## TASK DIRECTIONS
Please transcribe exactly the line that holds "Neck Pullover Sweater" and all lines that follow it to the end of the records below, omitting any pictures.

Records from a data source
[Start of section]
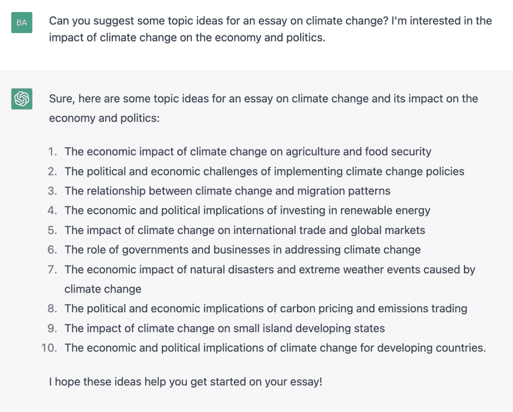You can ask ChatGPT to suggest topic ideas if you’re having a hard time coming up with one. Provide related keywords that you want ChatGPT to focus on when it suggests topic ideas. Remember, the key to a successful essay is choosing a topic that you are interested in and can write about with authority.
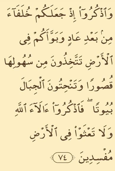 Tempat yang tertinggi (Al-‘A`rāf):74 – Dan ingatlah olehmu di waktu Tuhan menjadikam kamu pengganti-pengganti (yang berkuasa) sesudah kaum ‘Aad dan memberikan tempat bagimu di bumi. Kamu dirikan istana-istana di tanah-tanahnya yang datar dan kamu pahat gunung-gunungnya untuk dijadikan rumah; maka ingatlah nikmat-nikmat Allah dan janganlah kamu merajalela di muka bumi membuat kerusakan.
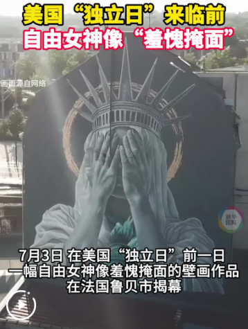 7月3日,在美國(guó)“獨(dú)立日”到來前一日,一幅自由女神像羞愧掩面的壁畫作品在法國(guó)魯貝市揭幕。
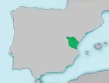 It is endemic to the Iberian peninsula, been present in the basins of the rivers Turia and Mijares.
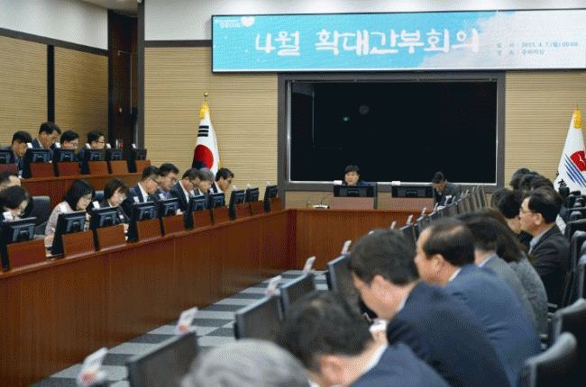 [NWS¹æ¼Û=Çѽ¸ñ ±âÀÚ]°ÅÁ¦½Ã´Â 7ÀÏ º¯±¤¿ë °ÅÁ¦½ÃÀå ÁÖÀç·Î È®´ë°£ºÎȸÀǸ¦ °¡Á³´Ù°í ¹àÇû´Ù. À̹ø ȸÀÇ´Â Áö³­ 3ÀÏ º¯ ½ÃÀå ÃëÀÓ ÀÌÈÄ Ã³À½ ¿­¸° È®´ë°£ºÎȸÀÇ·Î, ºÎ½ÃÀåÀ» ºñ·ÔÇØ ±¹¡¤¼ÒÀå, Àü ºÎ¼­Àå µî 60¿© ¸íÀÌ Âü¼®ÇßÀ¸¸ç, °¢ ¡¦
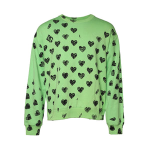 • Dolce & Gabbana Green Heart Print Crew Neck Pullover Sweater
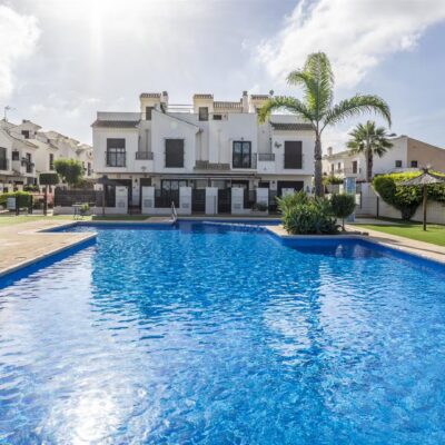 We are excited to offer this beautiful three bedroom three bathroom semidetached villa in the charming town of San Cayetano with a couple of supermarkets, a fantastic restaurant Rincon de Joaquin, several bars, a community centre, tobacconist, bank and vets. A bus runs to both Santiago de la Ribera and Lo Pagan. Balsicas train station, is a 5 minutes drive with with routes to Madrid, Murcia and Cartagena. Murcia City and airport is a 20 minute drive and the beaches of the Mar Menor a 15 minutes drive. This is a fantastic property in a really lovely community with a community pool.
[End of section]
## EXPECTED ANSWER
 • Dolce & Gabbana Green Heart Print Crew Neck Pullover Sweater
 We are excited to offer this beautiful three bedroom three bathroom semidetached villa in the charming town of San Cayetano with a couple of supermarkets, a fantastic restaurant Rincon de Joaquin, several bars, a community centre, tobacconist, bank and vets. A bus runs to both Santiago de la Ribera and Lo Pagan. Balsicas train station, is a 5 minutes drive with with routes to Madrid, Murcia and Cartagena. Murcia City and airport is a 20 minute drive and the beaches of the Mar Menor a 15 minutes drive. This is a fantastic property in a really lovely community with a community pool.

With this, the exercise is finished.